In haar aanvullende schriftelijke reactie heeft UHT vermeld dat op 26 november 2007 de eerste neerwaartse correctie van kot heeft plaatsgevonden. Dit heeft geleid tot een
nihil stelling. UHT neemt het standpunt in dat de immateriële schade vanaf 26 november 2007 wordt berekend tot aan de beslissing op bezwaar.
De Commissie ziet geen aanleiding om een andere start- of einddatum te adviseren. De Commissie merkt op dat het toegekende bedrag aan immateriële schadevergoeding gelet op de hoogte ervan al lijkt uit te gaan van ingangsdatum 26 november 2007 (zie ook productie 65).
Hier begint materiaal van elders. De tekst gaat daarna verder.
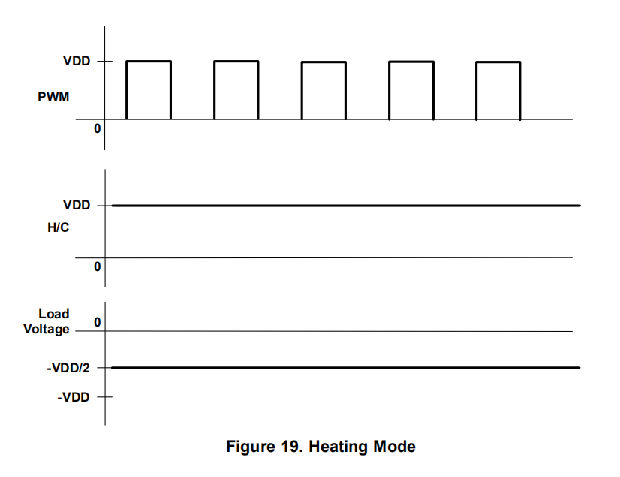 图19显示了DRV593和DRV594处于加热模式。H/C输出在VDD,PWM输出与负载上的电压成比例。

De Commissie leidt net als gemachtigde uit de beoordelingsformulieren of dat
belanghebbende betrokken is geweest bij 2 verschillende onderzoeken; het CAF-Tonga
onderzoek in 2005 en 2007 en een individueel onderzoek in 2008. De Commissie zal UHT daarom adviseren voor beide onderzoeken een vergoeding voor immateriële schade toe te kennen en deze te berekenen tot aan de datum van de beslissing op bezwaar.
Onvolledig dossier
Belanghebbende is na haar bezwaar door UHT in kennis gesteld van alle gegevens die in het kader van de bezwaarprocedure relevant zijn. Belanghebbende heeft na de
hoorzitting gelegenheid gehad om nieuwe gegevens in het geding te brengen en te
reageren op gegevens die UHT in het geding heeft gebracht. Dat sprake is van een
motiveringsgebrek volgt de Commissie daarom niet.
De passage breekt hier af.